(Stored items)
-=-=-

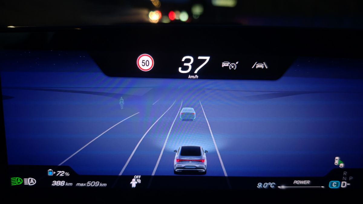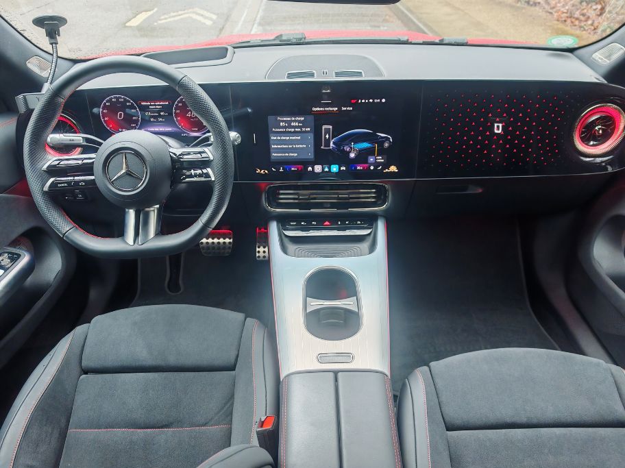 Plusieurs modes de récupération dont un One Pedal merveilleux. Un calibrage parfait jusqu’à l’arrêt. Peut-être encore meilleur que chez Tesla (sachant que chez Mercedes, on peut choisir aussi la roue libre) et cela participe énormément à la quiétude dans la circulation. La puissance de 272 ch correspond à tous les usages (légaux). On a une excellente fluidité dans la pédale d’accélération et le 0 à 100 km/h en 6,7 s permet de doubler et de s’insérer aisément. Le couple stagne à 335 Nm (contre 400 Nm pour la BMW i4 ou 440 Nm pour le Xpeng G6 de puissances similaires) et on pourrait en demander plus après 100 km/h. D’ailleurs, c’est plus ou moins à partir de cette allure que la CLA passe la seconde. Oui, pour une électrique, elle se dote d’une boîte à 2 vitesses. Cela permet de réduire la consommation.
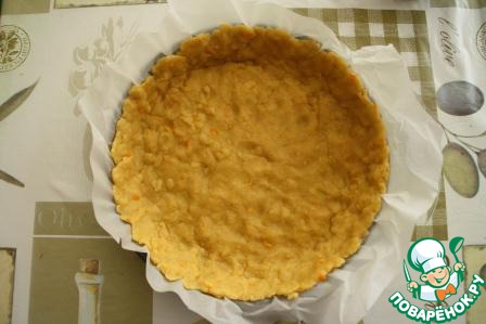 Растираем с мукой до состояния маслянистой крошки. Затем добавляем цедру одного апельсина, сахарную пудру, желтки, семена ванили и молоко. Замешиваем. На форму кладем пергамент, тесто раскатываем, укладываем на дно формы, формируя бортики. Ставим на час в холодильник
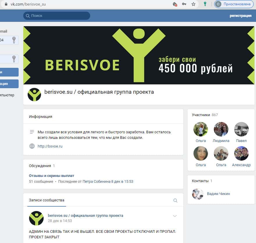 - Сообщение в социальной сети ВКонтакте о скаме проекта БериСвоё су
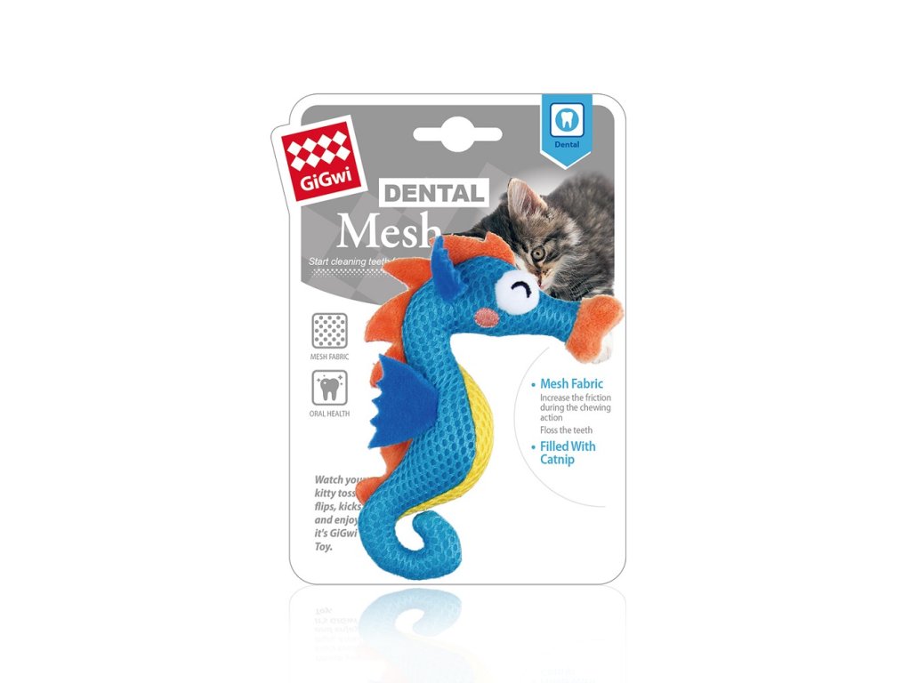 GiGwi kočičí hračka Dental Mesh mořský koník 15 x 10 x 3 cm
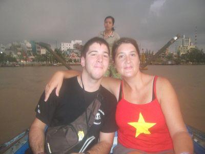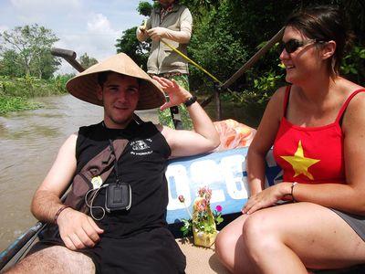 | Apres un petit week end a Ho Chi Minh, nous sommes partis direction le delta du Mekong. Leves a 5h du mat pour admirer le leve de soleil depuis notre petite barque a moteur. Une guide nous faisait faire le tour de deux marches flottants et des canaux du Mekong. |
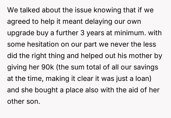 Reading through the Reddit comments, it’s clear that many empathize with the couple’s difficult position—balancing their own dreams with family obligations is never easy. Most commenters acknowledge the kindness and sacrifice involved in helping the partner’s mother, but also emphasize the importance of clear communication and boundaries to avoid resentment. Many suggest that the couple should revisit their financial goals and openly discuss how to navigate the delay in upgrading their home, ensuring that both partners feel heard and supported.
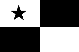 A quarterly divided flag into white and black with a black 5-point star in the upper hoist.
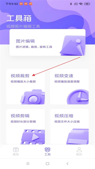 2、進入工具箱的界面內(nèi),點擊視頻裁剪的功能按鈕。
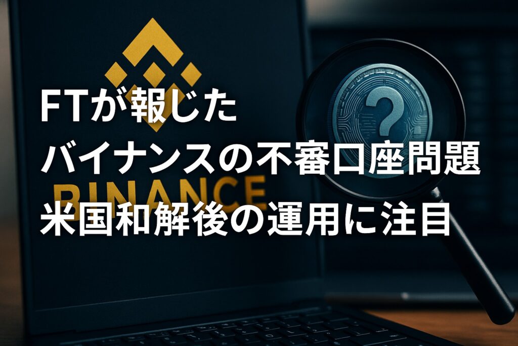 FTが報じたバイナンスの不審口座問題 米国和解後の運用に注目。金融当局との和解後も、取引所の監視体制や利用者保護は十分なのか――暗号資産ユーザーが知るべき論点を整理します。 FT報道で浮上したバイナンスの不審口座問題とは FTが報じたバイナンスの不... -
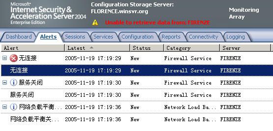 现在,我们把Firenze上的外部链路断开,由于默认情况下连接性验证程序每30秒执行一次,所以等待大约1分钟后,你会发现Firenze上的ISA防火墙服务已经自动停止了,如果在Firenze上的ISA管理控制台的警告中查看,你可以看到触发了以下三个警告,如图所示。

-=-=-

Task:
Return only the lines from the one containing "du Mekong. |" through the last line of the entries above, exactly as written and without pictures.

Task result:
 | Apres un petit week end a Ho Chi Minh, nous sommes partis direction le delta du Mekong. Leves a 5h du mat pour admirer le leve de soleil depuis notre petite barque a moteur. Une guide nous faisait faire le tour de deux marches flottants et des canaux du Mekong. |
 Reading through the Reddit comments, it’s clear that many empathize with the couple’s difficult position—balancing their own dreams with family obligations is never easy. Most commenters acknowledge the kindness and sacrifice involved in helping the partner’s mother, but also emphasize the importance of clear communication and boundaries to avoid resentment. Many suggest that the couple should revisit their financial goals and openly discuss how to navigate the delay in upgrading their home, ensuring that both partners feel heard and supported.
 A quarterly divided flag into white and black with a black 5-point star in the upper hoist.
 2、進入工具箱的界面內(nèi),點擊視頻裁剪的功能按鈕。
 FTが報じたバイナンスの不審口座問題 米国和解後の運用に注目。金融当局との和解後も、取引所の監視体制や利用者保護は十分なのか――暗号資産ユーザーが知るべき論点を整理します。 FT報道で浮上したバイナンスの不審口座問題とは FTが報じたバイナンスの不... -
 现在,我们把Firenze上的外部链路断开,由于默认情况下连接性验证程序每30秒执行一次,所以等待大约1分钟后,你会发现Firenze上的ISA防火墙服务已经自动停止了,如果在Firenze上的ISA管理控制台的警告中查看,你可以看到触发了以下三个警告,如图所示。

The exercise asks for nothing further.